Materials and Methods:
Randomized controlled trial of medical students (N = 32), as novices to MAS. The participants performed two construct validated tasks on a thoracoscopic simulator and were then randomly allocated into four intervention groups: (1) three consultant-led sessions on a thoracoscopic simulator; (2) three self-directed learning sessions on the same simulator; (3) self-directed “virtual training” on the “SimuSurg” application; and (4) control. Postintervention participants repeated both tasks. Videos of all task attempts were de-identified and marked by a blinded consultant pediatric surgeon.
Results:
There were no statistically significant differences in baseline objective structured assessment of technical skills (OSATS) scores or demographics in any group. For the “ring transfer” task, Groups 1 and 2 showed significant improvement after intervention, with no significant change in Groups 3 or 4. There was no significant difference between Groups 1 or 2 in postintervention scores. For the “needle pass” task, no group demonstrated a statistically significant improvement after intervention.
Conclusion:
Practice on a physical simulator either consultant-led or self-directed led to improved scores for MAS novices compared with a virtual simulator or no intervention for a simple “ring transfer” task. This suggests that time on the physical simulator was the most important factor and implies that trainees could usefully practice simple tasks at their convenience rather than require consultant supervision. This improvement is not seen in more challenging tasks such as the “needle pass.”
Introduction
The rapid technological advances in three-dimensional (3D) printing and computing are enabling surgical simulators, both physical and virtual, to be developed.
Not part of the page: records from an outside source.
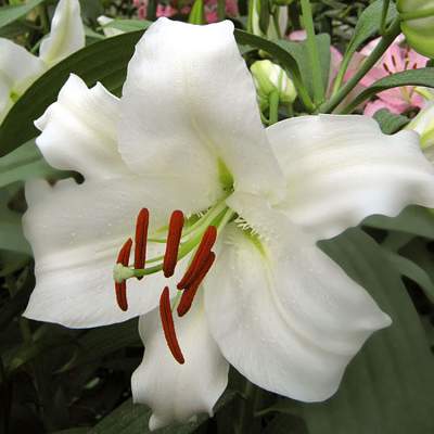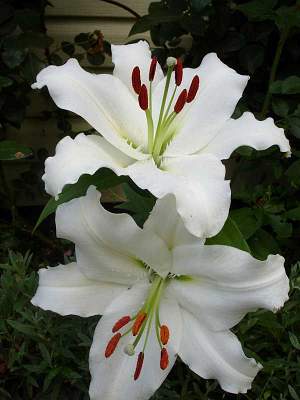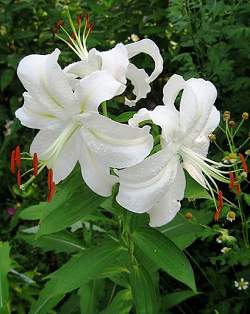 Восточные гибриды. Лилии поразительной красоты, их называют аристократами в мире лилий за экзотическую красоту необычайно привлекательных ароматных цветков. Цветки очень крупные, просто огромные, экзотических окрасок: бело-розовые, белые, малиновые, розовые с крапинками и полосками по центру волнистых лепестков или без них. Цветут в июле-сентябре. Необходимо солнечное место, хорошо защищенное от ветра, поскольку растения высокорослые с очень крупными цветками. Могут также расти в лёгкой тени деревьев. Главное правило — глубокая посадка, не менее 15 см, для защиты луковиц зимой.
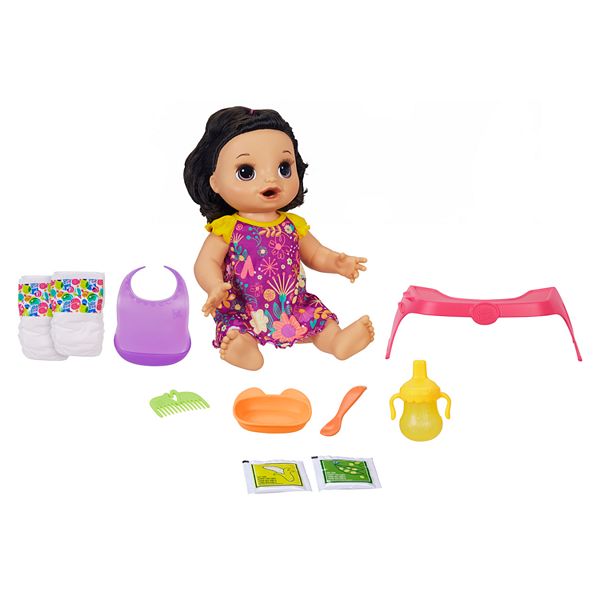 Baby Alive Tea 'N Sparkles Baby Doll, ColorChanging Tea Set, Doll Accessories, Drinks and Wets, Blonde Hair Toy for Kids Ages 3 and Up 40 out of 5 stars 2Baby Alive Sunshine Love Doll, Tiger Towel, 10Inch Waterplay Baby Doll, Sunglasses, Black Hair Toy for Kids 3 and Up $1499 MSRP More5 Baby Alive Pretty in Pigtails Baby Doll Brown Hair;
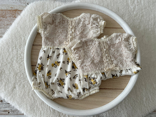 Newborn Romper with Vintage Lace and Yellow Floral Print – Handmade Photo Prop

These include simulators of pediatric surgical procedures, particularly for minimal access surgery (MAS). A simulator offers obvious advantages to the established apprentice model of operative training, including greater patient safety, more time dedicated to learning (in particular, the complex visuospatial and psychomotor skills required for MAS), and a lower stress level for the novice while still retaining a relatively realistic learning environment. It is critically important to ensure that simulators are fit for purpose and attain validity. For example, construct validity ensures that the task can successfully distinguish between novices and experts and provides confirmation that it is testing a clinically relevant skill set. Establishing construct validity for these simulators helps to define their role in upskilling surgical trainees and preparing them for surgical training programs.
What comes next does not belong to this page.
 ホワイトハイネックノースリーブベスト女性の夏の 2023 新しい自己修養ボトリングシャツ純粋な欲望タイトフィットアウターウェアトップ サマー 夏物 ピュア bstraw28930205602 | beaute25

The primary simulator used in this study was a 3D printed thoracoscopic simulator developed to simulate repair of esophageal atresia/tracheoesophageal fistula (EA/TEF) in a neonate. 1 This study builds on previous work on this 3D printed thoracoscopy model that established two construct validated tasks (presented at BAPS Congress 2019). A smartphone application developed by Cmee4 Productions and accredited to the Royal Australasian College of Surgeons (RACS) called “SimuSurg,” a simple virtual simulator for MAS skills that was chosen for its ease of access and ease of use, was also included for comparison. 2 This study looks at the efficacy of these two simulators in improving the MAS skills of novices, by using three different approaches. Two focus on the physical simulator, a consultant-led approach (more typical of the classical apprenticeship model) and a self-directed learning model. The other assesses the efficacy of virtual simulation on the “SimuSurg” application. The potential advantages and disadvantages of each training approach are summarized in Table 1.
Comparison of Different Simulation Training Approaches
MAS, minimal access surgery.
The hypothesis was that the consultant-led approach would lead to superior improvement in trainees' skills, but the magnitude of its superiority would influence which of the approaches would be more suitable for incorporation into surgical training.
Materials and Methods
This was a randomized controlled trial (RCT) conducted between May and June 2019. Initial ethical approval was granted by the University of Otago (D18/008) as a flow-on of the previous affiliated project. 1 Novices to MAS, defined as having never participated in any formal surgical training outside of interest workshops attended during medical school, were recruited from the medical student body of the Christchurch School of Medicine of the University of Otago. Before entering the study, students were given a participant information sheet and signed consent forms. Thirty-two students participated in the testing and training (twelve 4th-year students, eleven 5th-year students, and nine 6th-year students).
The locally developed 3D printed thoracoscopic simulator was used, along with 3 mm MAS instruments (Maryland forceps, needle holder). The simulator consisted of a synthetic model of a neonate's thorax, including 3D printed plastic ribcage, silicon skin, and two 3D printed inserts for MAS tasks. 1 “SimuSurg” has been developed by Cmee4 Productions for the RACS as an engaging, interactive way to introduce MAS to novices, in the form of a smartphone application. Trainees advance through the four levels of the training application, familiarizing themselves with MAS instruments and learning about the different axes of movement and movement scaling, with increasingly challenging MAS tasks. 2
Two tasks that have previously achieved construct validity on the EA/TEF simulator were defined in writing, and consultant-performed video exemplars of the tasks were obtained for participants to view. The first task, called the “ring transfer,” involved using the Marylands to move a ring between two pegs inside the model, first from peg to peg, then passing the ring between each Marylands before placing it on the next peg. The second task, and the more difficult of the two, called the “needle pass,” had a different set up with two adjacent loops inside the model. It involved mounting a needle on the needle holder, passing it under one loop to the Marylands, mounting it a second time, then passing it under a second loop to the Marylands 1 (Fig. 1).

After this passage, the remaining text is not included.